Technology

Nvidia Expects TensorRT to Help it Grow Its Generative AI Dominance

Nvidia Expects TensorRT to Help it Grow Its Generative AI Dominance

Nvidia stated that it is expanding support for its TensorRT-LLM SDK to Windows and models such as Stable Diffusion in order to accelerate large language models (LLMs) and related tools. TensorRT accelerates inference, which is the process of sifting over pre-trained data and calculating probabilities to get a result — such as a newly created Stable Diffusion image. Nvidia hopes to play a larger role in generative AI with this software.

TensorRT-LLM deconstructs LLMs such as Meta’s Llama 2 and other AI models such as Stability AI’s Stable Diffusion so that they can run quicker on Nvidia’s H100 GPUs. According to the business, by processing LLMs through TensorRT-LLM, “this acceleration significantly improves the experience for more sophisticated LLM use — like writing and coding assistants.”

In this manner, Nvidia can not only provide the GPUs that train and operate LLMs but also the software that allows models to run and work faster, preventing consumers from looking for other ways to make generative AI more cost-effective. TensorRT-LLM will be “available publicly to anyone who wants to use or integrate it,” according to the business, and the SDK will be published on its website.

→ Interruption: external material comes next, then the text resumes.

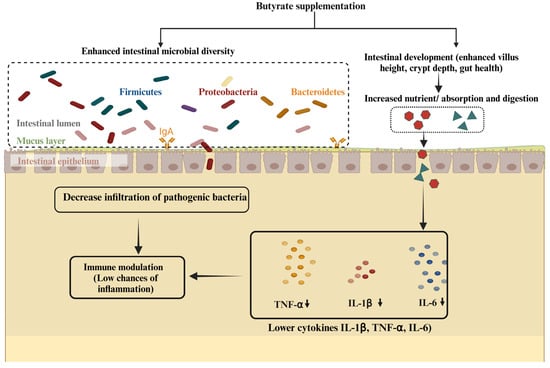 One of the most notable advantages of butyrate supplementation is its ability to promote healthy gut microbiota, which are vital for optimal growth and health. Specifically, butyrate increases microbial diversity and supports the growth of beneficial bacteria such as Firmicutes, Bacteroides, Prevotella, and Ruminococcus, while simultaneously reducing harmful pathogens like Proteobacteria and Escherichia/Shigella [13,14]. This beneficial modulation of the gut microbiota is particularly significant during early intestinal development in animals, when microbial diversity is critical for establishing a robust digestive system.

Nvidia-Expects-TensorRT-to-Help-it-Grow-its-Generative-AI-Dominance
Nvidia Expects TensorRT to Help it Grow Its Generative AI Dominance

Nvidia already has a near-monopoly on the powerful CPUs that train LLMs like GPT-4 — and training and running one requires a large number of GPUs. Demand for its H100 GPUs has surged, with anticipated prices reaching $40,000 per chip. The GH200, a newer version of the company’s GPU, will be available next year. It’s no surprise that Nvidia’s revenue grew to $13.5 billion in the second quarter.

However, the area of generative AI advances quickly, and new approaches for running LLMs without a large number of expensive GPUs have emerged. Microsoft and AMD have announced plans to develop their own CPUs in order to reduce their reliance on Nvidia.

And businesses have focused on the inference side of AI development. AMD intends to acquire software startup Nod.ai in order to enable LLMs to run exclusively on AMD hardware, while companies like SambaNova already provide services that make it easier to run models.

For the time being, Nvidia is the hardware leader in generative AI, but it appears to be aiming for a future in which users don’t have to rely on purchasing large quantities of its GPUs.